━━━ Supplied information

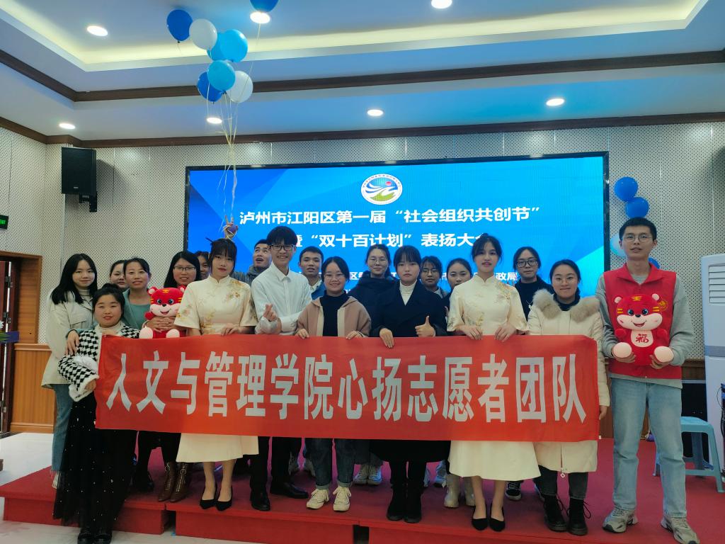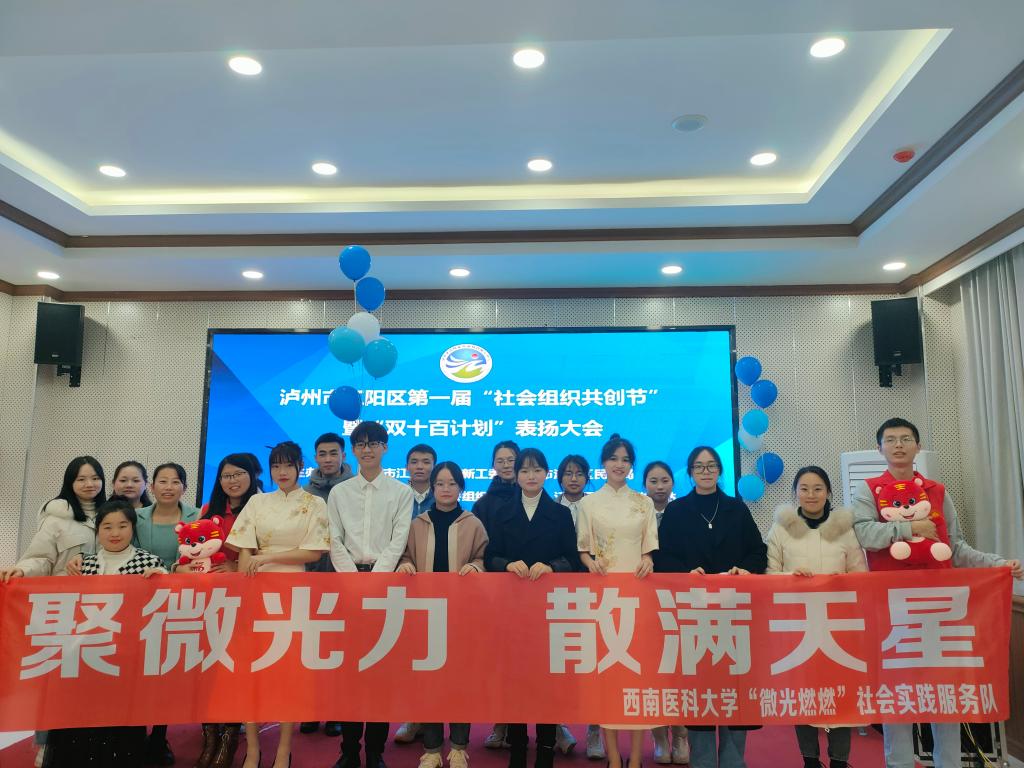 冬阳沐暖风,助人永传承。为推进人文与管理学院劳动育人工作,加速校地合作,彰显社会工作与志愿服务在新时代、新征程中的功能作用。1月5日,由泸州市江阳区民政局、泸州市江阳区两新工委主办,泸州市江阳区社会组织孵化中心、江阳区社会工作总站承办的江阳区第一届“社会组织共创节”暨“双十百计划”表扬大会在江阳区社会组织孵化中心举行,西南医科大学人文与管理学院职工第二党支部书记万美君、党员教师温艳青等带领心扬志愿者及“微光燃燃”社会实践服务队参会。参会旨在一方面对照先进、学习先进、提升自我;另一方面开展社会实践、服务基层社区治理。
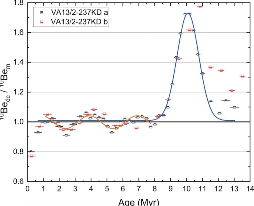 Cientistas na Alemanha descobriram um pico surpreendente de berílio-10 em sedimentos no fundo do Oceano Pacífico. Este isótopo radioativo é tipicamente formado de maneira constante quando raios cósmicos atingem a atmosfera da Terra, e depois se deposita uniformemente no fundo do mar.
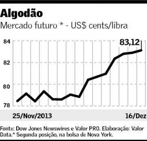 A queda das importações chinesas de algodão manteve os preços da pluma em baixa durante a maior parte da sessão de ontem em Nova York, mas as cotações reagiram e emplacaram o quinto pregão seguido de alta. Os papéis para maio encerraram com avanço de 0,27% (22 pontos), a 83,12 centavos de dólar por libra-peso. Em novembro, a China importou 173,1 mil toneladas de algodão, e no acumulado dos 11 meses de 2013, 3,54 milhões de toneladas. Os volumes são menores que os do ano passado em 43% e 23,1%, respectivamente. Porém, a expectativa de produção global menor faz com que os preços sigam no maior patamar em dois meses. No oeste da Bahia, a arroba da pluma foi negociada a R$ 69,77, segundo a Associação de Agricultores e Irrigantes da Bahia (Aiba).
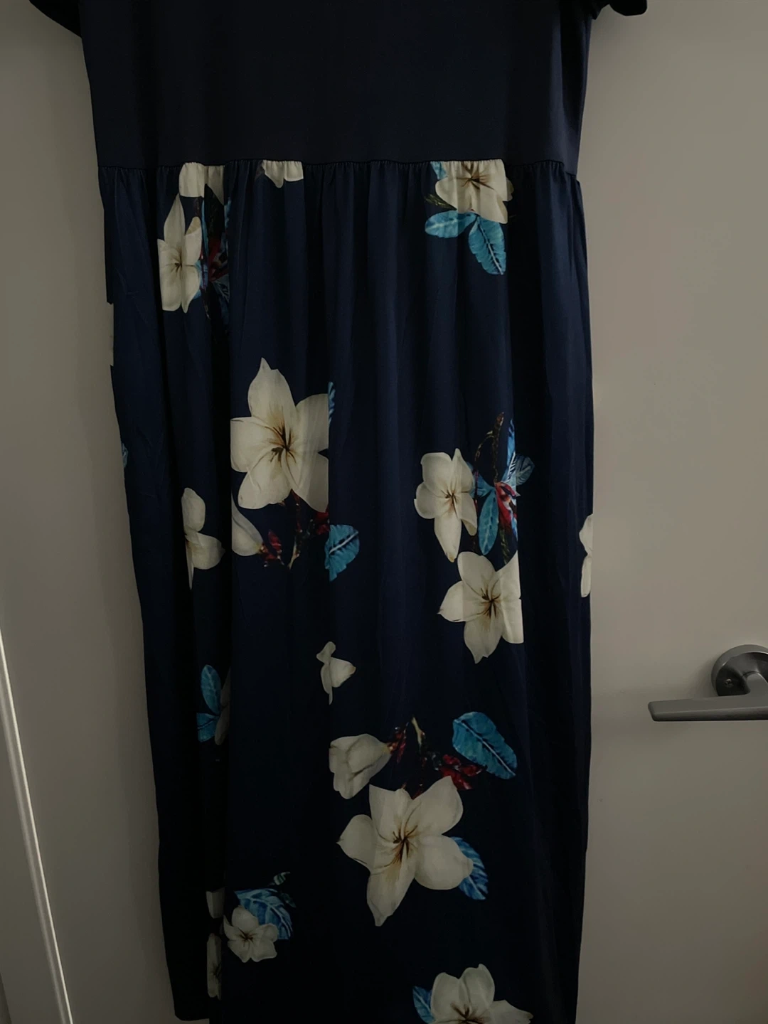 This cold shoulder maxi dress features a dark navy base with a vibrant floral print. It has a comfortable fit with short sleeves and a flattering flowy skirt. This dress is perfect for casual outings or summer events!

━━━━━━

Requirement: Restate the material word for word, minus pictures.

Result of this task:
 冬阳沐暖风,助人永传承。为推进人文与管理学院劳动育人工作,加速校地合作,彰显社会工作与志愿服务在新时代、新征程中的功能作用。1月5日,由泸州市江阳区民政局、泸州市江阳区两新工委主办,泸州市江阳区社会组织孵化中心、江阳区社会工作总站承办的江阳区第一届“社会组织共创节”暨“双十百计划”表扬大会在江阳区社会组织孵化中心举行,西南医科大学人文与管理学院职工第二党支部书记万美君、党员教师温艳青等带领心扬志愿者及“微光燃燃”社会实践服务队参会。参会旨在一方面对照先进、学习先进、提升自我;另一方面开展社会实践、服务基层社区治理。
 Cientistas na Alemanha descobriram um pico surpreendente de berílio-10 em sedimentos no fundo do Oceano Pacífico. Este isótopo radioativo é tipicamente formado de maneira constante quando raios cósmicos atingem a atmosfera da Terra, e depois se deposita uniformemente no fundo do mar.
 A queda das importações chinesas de algodão manteve os preços da pluma em baixa durante a maior parte da sessão de ontem em Nova York, mas as cotações reagiram e emplacaram o quinto pregão seguido de alta. Os papéis para maio encerraram com avanço de 0,27% (22 pontos), a 83,12 centavos de dólar por libra-peso. Em novembro, a China importou 173,1 mil toneladas de algodão, e no acumulado dos 11 meses de 2013, 3,54 milhões de toneladas. Os volumes são menores que os do ano passado em 43% e 23,1%, respectivamente. Porém, a expectativa de produção global menor faz com que os preços sigam no maior patamar em dois meses. No oeste da Bahia, a arroba da pluma foi negociada a R$ 69,77, segundo a Associação de Agricultores e Irrigantes da Bahia (Aiba).
 This cold shoulder maxi dress features a dark navy base with a vibrant floral print. It has a comfortable fit with short sleeves and a flattering flowy skirt. This dress is perfect for casual outings or summer events!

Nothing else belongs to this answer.